Capital Gains Tax Calculator
Calculate your capital gains tax on any investment — stocks, real estate, or other assets. See your short-term vs long-term tax results instantly.
The Capital Gains Tax Calculator is a free online tool designed to help you calculate and analyze calculate your capital gains tax on stocks, real estate, or any investment. Planning details accurately is crucial for making smart personal or financial decisions, and this calculator provides instant clarity with downloadable PDF reports.
This tool is built to benefit investors, traders, and property owners calculating their federal tax liability on profits from selling stocks, crypto, or real estate. By comparing short-term and long-term holding periods, you can minimize taxes. By evaluating these key calculations, you can determine exactly how different inputs affect your results and align them with your direct planning requirements.
Before using this tool, make sure you have your details ready, such as your purchase price (cost basis), sales price, holding period (short vs long term), filing status, and annual taxable income. This ensures the most accurate calculations.
How to Use the Capital Gains Tax Calculator
- 1
Enter your purchase price and sale price for the asset. Add any improvements or additional costs to your cost basis and enter any selling costs such as agent commissions or broker fees.
- 2
Enter how many years you held the asset. Holding an asset for more than one year qualifies it for lower long-term capital gains tax rates which are 0% 15% or 20% depending on your income.
- 3
Enter your annual income and select your filing status. This determines which tax bracket applies to your capital gain. The calculator uses 2026 federal tax brackets for both long-term and short-term rates.
- 4
Click Calculate to see your tax owed, net gain after tax, and how much you save by holding the asset long-term versus short-term. Download the free PDF report to share with your tax advisor.
Example Calculation
Scenario: A filer purchases stock for $10,000 and sells it 2 years later for $18,000. They file as Single with an annual taxable income of $65,000.
- Input: Purchase Price = $10,000
- Input: Selling Price = $18,000
- Input: Holding Period = 2 Years (Long-Term)
- Input: Filing Status = Single
- Input: Taxable Income = $65,000
Result: The total capital gain is $8,000. Because the stock was held for over a year, the long-term capital gains tax rate of 15% applies. The tax owed is $1,200.00, compared to $1,760.00 if sold as a short-term gain.
Download the PDF report to save your capital gains tax summary. Share this sheet with your CPA during annual tax planning to evaluate tax-loss harvesting opportunities.

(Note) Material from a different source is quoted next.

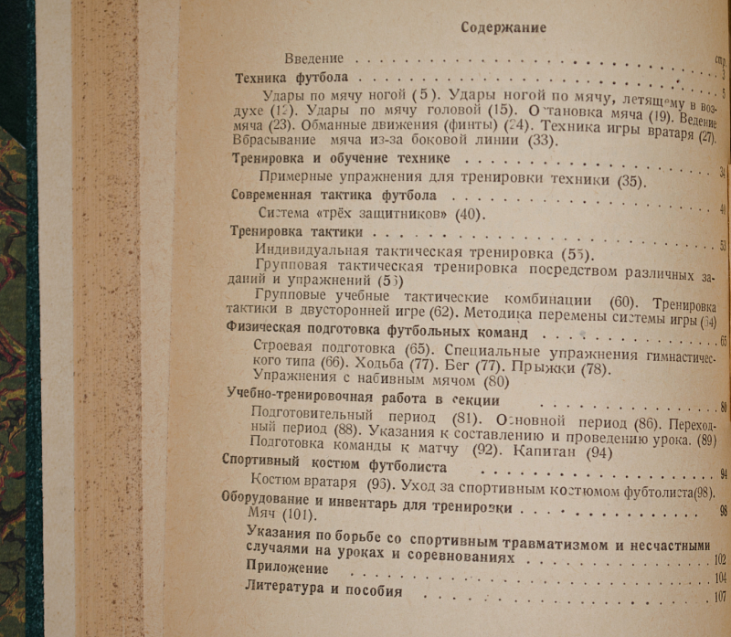 Введение — Техника футбола — Тренировка и обучение технике — Современная тактика футбола — Тренировка тактики — Физическая подготовка футбольных команд — Учебно-тренировочная работа в секции — Спортивный костюм футболиста — Оборудование и инвентарь для тренировки — Указания по борьбе со спортивным травматизмом и несчастными случаями на уроках и соревнованиях — Приложение — Литература и пособия.

Frequently Asked Questions
What is the difference between short-term and long-term capital gains?
Short-term capital gains apply to assets held for one year or less and are taxed at your ordinary income tax rate. Long-term capital gains apply to assets held for more than one year and are taxed at lower rates (0%, 15%, or 20%).
What is cost basis?
Cost basis is the total price paid to acquire an asset, including purchase price, brokerage commissions, transaction fees, and improvements (in the case of real estate).
How does capital gains tax apply to selling a primary home?
Under the home sale exclusion, single filers can exclude up to $250,000 (and married couples up to $500,000) of capital gains from the sale of their primary residence, provided they owned and lived in it for at least 2 of the last 5 years.
What is tax-loss harvesting?
Tax-loss harvesting is selling investments at a loss to offset capital gains tax liabilities on other profitable investments. You can also offset up to $3,000 of ordinary income annually using net capital losses.
Are cryptocurrencies subject to capital gains tax?
Yes, the IRS treats cryptocurrency as property. Selling, trading, or spending crypto triggers a taxable event subject to short-term or long-term capital gains tax rules.
Can I download my capital gains tax calculations?
Yes, you can generate a clean PDF report detailing your gains, cost basis, holding periods, estimated tax bracket rates, and tax liabilities.
Disclaimer: This report is generated for informational purposes only. TheCalcTool is not a licensed financial legal or tax advisor. Capital gains tax calculations are estimates based on 2026 US federal tax brackets and rates. State capital gains taxes are not included. The Net Investment Income Tax of 3.8% may apply to high-income earners. Tax laws are subject to change. Please consult a qualified tax professional or CPA before making any investment or tax decisions.